За то, что укротил Аида Безжалостного, надо понимать.
Хаос, и Эреб, и Нюкта, да какой уж я теперь Безжалостный. Аид Безмозглый. Списать на Мойр… списать на то, что он появляется все реже…
– Дальше, – бросил я, трогаясь вдоль берега Стикса. В спину мне клокотал Харон: мол, кому гнев божественный, а кому теперь новое весло доставать…
Совсем бояться разучился.
– Дальше пошло недоумение. Сам ведь знаешь – смертные, до этих пока дойдет… Да и до нас пока дошло, что все это время Мойры так и резали нити…
– Резали?
«Резали, невидимка. Им нет дела до того, что творится на земле. Мои дочери подвластны лишь мне и моему свитку».
– Ага, одну за другой и с прежней скоростью. Нити режут, жребий вынут, судьбы, то есть, нет больше, а человек остается жить. Ходит. Ест. Разговаривает, – плутоватое лицо вдруг напряглось, чуть дрогнул уголок губ. – У меня сын… копье ударило в бою…
– На войнах – тоже? – глухо переспросил я.
– На войнах. От болезней. От старости. От ядов. Или от божественного гнева. Не умирает больше никто.

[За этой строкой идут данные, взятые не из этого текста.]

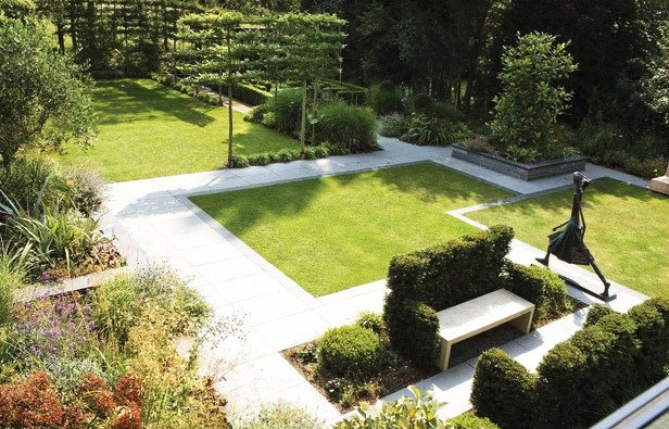 Ein moderner Garten ist, wenn nichts überflüssig ist. Hier sind nur der ursprüngliche Rasen in der Form des Buchstaben G, niedrige Büsche mit weißen Blumen und ein Baum im Hintergrund; Dies sind alles Gemüsedekorationen auf dem Weg zum Haus. Ein ungewöhnlicher Ansatz kann auf jeden Fall genommen werden - sogar in einem normalen Garten.Was ist mindestens eine Skulptur wert, die oben auf einem dichten Busch installiert wird, oder eher, es überragend.

Я сам знаю это. Я слышу это – одним сплошным воплем, разрывающим виски, единой просьбой послать то, чего раньше они боялись больше всего – избавление… забвение…
Смерть.
– Живут с перерезанными нитями?
– Верно, Владыка.
– Нет жребия – нет судьбы – нет смысла. Нет цели. Мертвецы со стучащим сердцем.
– Верно, Владыка.
– Я глупец.
– Верно, Влад… ой.
Крылышки таларий[1] забились в предсмертной агонии. Ты это кому сейчас?! – возмущенно спрашивали крылышки у хозяина. Ты своей башкой в широкополой шляпе хоть немного дорожишь?!
Гермес, видно, решил, что хуже уже не будет: решительно спустился и выпалил как на духу:
– Когда они начали понимать – первым делом бросились молиться отцу. Чтобы пощадил. Потом Афине, мне и остальным. А мы сами не сразу поняли… праздник еще этот, приготовления. Да еще Гера говорит: как это, они молятся, потому что не умирают? О чем они тогда просят? Думали даже, что очередная шутка Мома.

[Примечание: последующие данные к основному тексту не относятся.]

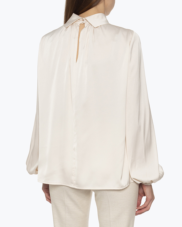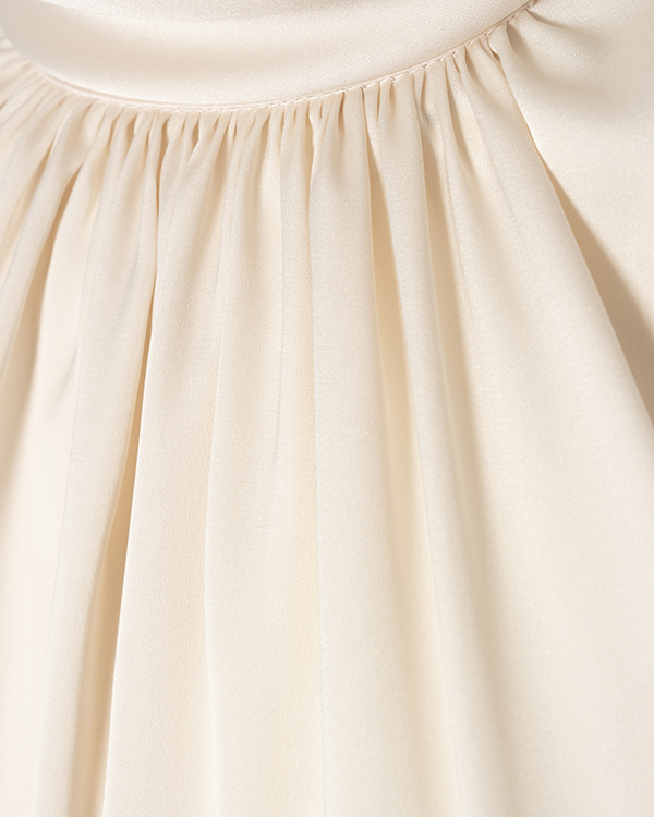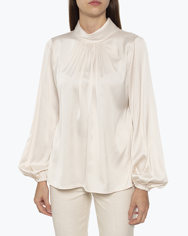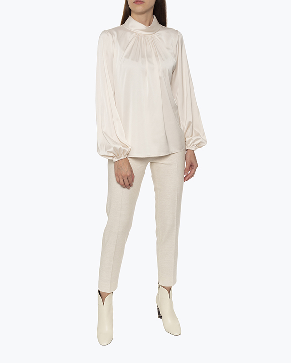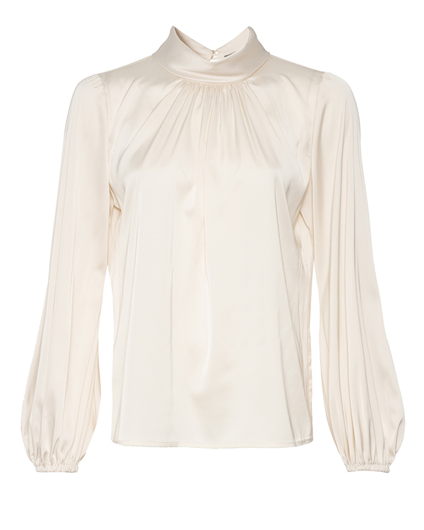 Блуза из атласного материала кремового оттенка. Свободный крой с акцентом на сборку материала по линии выреза и воротником-стойкой. Блуза дополнена воздушными рукавами-буф и застежкой на спине на пуговицы.

А теперь они начали молиться тому, к кому не прибегали веками. Может быть, случилось несколько новых войн…
А может, голод или мор, жертвы которого ходячими трупами шатаются по улицам.
– Земля нынче – царство Лиссы-безумия, – прибавил Гермес, виновато пожимая плечами. – Отец гневается. Праздник, понимаешь, а тут по всей земле – вопли и дым с алтарей. Сколько раз уже посылал, так…

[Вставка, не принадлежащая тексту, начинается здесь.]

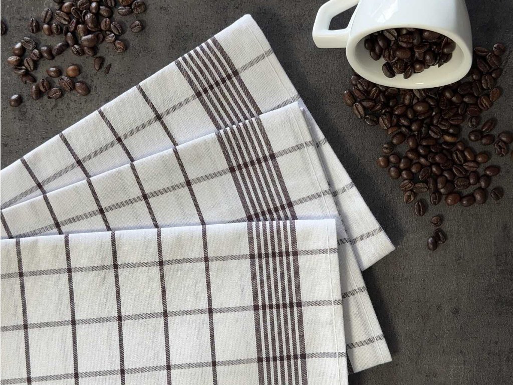 Sada tří bavlněných utěrek s kostkami - kombinace barev bílá a tmavě hnědá.

Так Гермес же не дурак, чтобы соваться ко мне, пока я разгневан невесть чем.
Нужно сказать спасибо, что Громовержец сам ко мне не заявился. Праздник, конечно. А может, и не счел положение таким уж важным…
– Я только посланец, – напомнил Гермес, пытаясь в уклоне уйти из-под моего взгляда, как из-под меча. – Отец просит: сделай ты что-нибудь с этим своим… пусть заканчивает прохлаждаться и расчехляет оружие.
Они, значит, думают – все так просто. Пойдет Владыка к «этому своему», даст нагоняй, а «этот свой» перестанет отлынивать, расправит железные крылья, и…
– Я не знаю, где он.
Крылья на талариях свернулись в трубочки. Шляпа на голове посланца Олимпа начала медленно приподниматься: это становились дыбом волосы.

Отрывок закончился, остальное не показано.